Navigating life and nutrition after stomach removal can be challenging. After surgery, patients start off with a mostly liquid diet before slowly transitioning to larger quantities and different foods. Over time the intestine adapts, stretching a bit so more food can be eaten at one time. The new stomach delivers the food to the rest of the intestines for normal digestion. Achieving a healthy body weight can be a challenge, as malabsorption and early satiety can make it difficult to get enough calories to maintain or regain weight. The physiological effects of having a gastrectomy vary greatly from patient to patient. Some may need to avoid sweets and milk products while others can tolerate these foods.

Since the majority of cases are discovered in a late stage, patients and their loved ones are often faced with making end-of-life decisions shortly after diagnosis. They may experience a range of distressing emotions, such as sorrow, anxiety, anger and denial, while having to deal with complex care decisions for end-stage disease.

4. What resources does the organization offer patients and the medical community?

No Stomach For Cancer provides a wide variety of useful information, publications, meetings and other resources to help patients and families navigate the disease. One-to-one support is available from diagnosis to survivorship, helping each patient find the best path forward. Comprehensive patient guidelines for stomach cancer, along with many other useful resources on the organization’s website, give patients and their loved ones a better understanding of the disease and treatment choices. Patients can also attend the foundation’s Bi-Annual Spotlight on Stomach Cancer Symposium, which provides current information on stomach cancer as well as the opportunity to connect with others battling the disease.

In addition to providing a wealth of material for patients, the organization also works diligently to advance stomach cancer education within the medical and scientific realm by inviting physician and genetic counselors to their educational programs.

5. What outreach activities does the No Stomach For Cancer use to connect with patients?

 NSFC distributes facts and information on stomach cancer through its website, educational events, fundraisers and public relations initiatives. The organization is present on most social media, including Facebook, LinkedIn, Pinterest, Twitter, YouTube and Instagram.

6. What volunteer opportunities are available to help advance their mission?

No Stomach For Cancer is always looking for passionate, dedicated people who want to make a difference in the fight against the disease. From local awareness activities to project-based opportunities, there are many ways to help.

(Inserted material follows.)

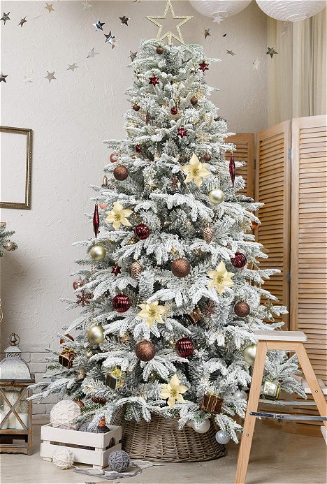 The decor is shown on a flocked Christmas tree. You can find everything from the round ornaments to the creamy white poinsettias ready to remove from the box and hang on the tree.

The organization holds an annual worldwide walk for stomach cancer awareness on the first Saturday of November, and being a Walk Organizer by creating an event locally is an excellent way to help raise awareness of the disease and generate funds for research. Volunteers can also become NSFC Ambassadors in their communities to educate the public on stomach cancer or organize a charity event. There are also opportunities for volunteers to donate their time in their area of expertise, such as accounting, legal, marketing, communication, social media, website content, resource development and governance. Additionally, volunteers who have been touched by the disease may choose to share their personal experiences with fighting stomach cancer or caregiving.

7. Where can patients get the most up-to-date information on new advances in stomach cancer?

Patients can access the most current information on stomach cancer on their website and social media, as well as their monthly newsletter.

8. What closing thoughts should readers remember?   

Advocate for your health and go with your gut instincts. If you feel something is not right and you are not getting the answers you need, do not give up. Be persistent. Continue to seek answers, and do not stop until you get them. The organization is here to support those affected by all types of stomach cancer, so please reach out to them so they can help you navigate this difficult journey.